## <font color='DeepSkyBlue'>Postprocessing pyWaPOR outputs</font>
After successfully running pyWaPOR, you will get the result in netCDF file format. You can use the **xarray**, **rioxarray** and **geopandas** python packages to postprocess the result, extract the information you may like to include in a report or present the results for non-experts in the format they can easily understand such as maps, tables, etc.    
You can, for example, do the following:
* clip the dataset using a shapefile of your area of interest
* calculate timeseries of the variables for your area of interest
* calculate statistics of the dataset and many more

#### Step 0: Import required packages

In [None]:
import xarray as xr
import rioxarray as rio
import geopandas as gpd
import matplotlib.pyplot as plt
from matplotlib.animation import FuncAnimation
from mpl_toolkits.axes_grid1 import make_axes_locatable
import os

#### Step 1: Read pywapor output

In [None]:
# Set paths

# Kenya
path_et_look_out = r""
path_aoi_shape = r""
out_put_dir = r''

# Create output directory if doesn't exist
if not os.path.exists(out_put_dir):
    os.makedirs(out_put_dir)

# Read the et_look output netCDF file
ds = xr.open_dataset(path_et_look_out, decode_coords="all")
if('time_bins' in ds.dims):
    ds = ds.rename({'time_bins': 'time'})

# read the shapefile using geopandas
shapefile = gpd.read_file(path_aoi_shape)

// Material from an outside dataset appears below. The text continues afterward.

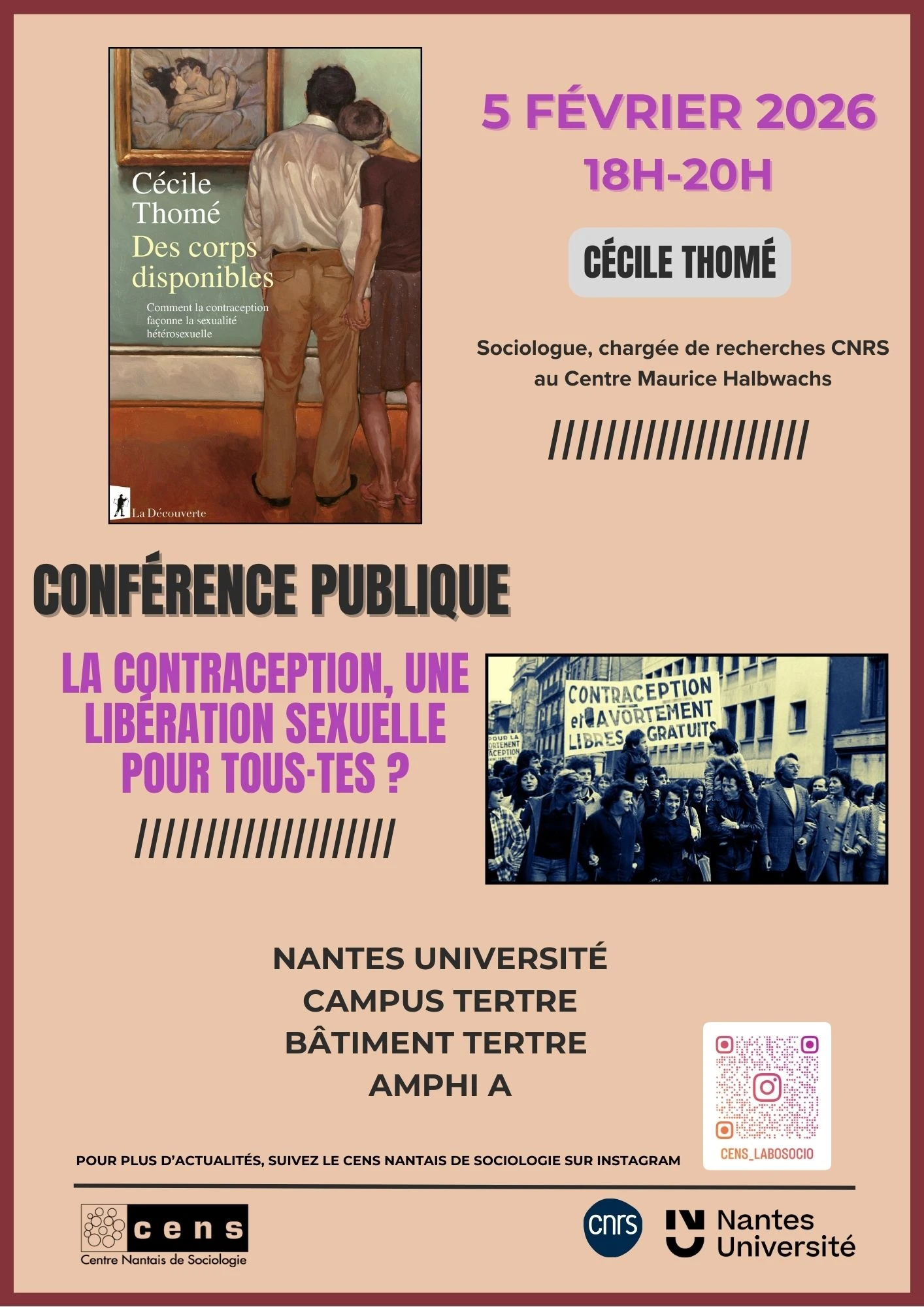 Cécile Thomé est sociologue, chargée de recherches au CNRS au Centre Maurice Halbwachs. Elle a publié l'ouvrage Des corps disponibles. Comment la contraception façonne la sexualité hétérosexuelle aux éditions La Découverte, en 2024. Cette conférence publique se veut largement accessible et ouverte à toutes et tous. Elle sera suivie d'un temps d'échange et de débat avec le public.

# Make sure the dataset has spatial information (crs). The output files have CRS EPSG:4326
ds = ds.rio.write_crs("EPSG:4326")  # Modify with appropriate CRS if needed

# Ensure the shapefile has the same CRS as the dataset
shapefile = shapefile.to_crs(ds.rio.crs)

In [None]:
# Explore the dataset
ds

In [None]:
# plot the aeti for one time step
ds.aeti_24_mm[37].plot()

#### Step 2: Select the data for a season and clip the dataset using the shapefile

In [None]:
#Specify the start and end dates of the season
season = ["2023-05-01", "2023-12-31"] # Kenya

# select the data for the season
dss = ds.sel(time=slice(season[0], season[1]))

# Clip the data using the shapefile 
clipped_ds = dss.rio.clip(shapefile.geometry, shapefile.crs, drop = True)

# replace negative values by zero, if there are any
clipped_ds = clipped_ds.where((clipped_ds>=0.0) | clipped_ds.isnull(), 0.0)

In [None]:
# Explore the clipped dataset
clipped_ds

#### Step 3: Use the clipped dataset to compute some statistics
For example;
* Statistics of monthly AETI, I, T, E and RSM and Biomass Production over the study area.  
* Temporal variation of daily AETI and Biomass Production for the study area 

In [None]:
# Compute temporal variation (e.g., daily variation)
daily_mean = clipped_ds.mean(dim=['y', 'x'], skipna=True, keep_attrs=True)

# Compute monthly statistics
# monthly means
monthly_mean = clipped_ds.resample(time='ME').mean(dim='time', skipna=True)

# monthly sum
monthly_sum = clipped_ds.resample(time='ME').sum(dim='time', skipna=True)+0*monthly_mean

# update unit
_ = [monthly_sum[var].attrs.update({'units': 'mm/month'}) for var in monthly_sum.data_vars]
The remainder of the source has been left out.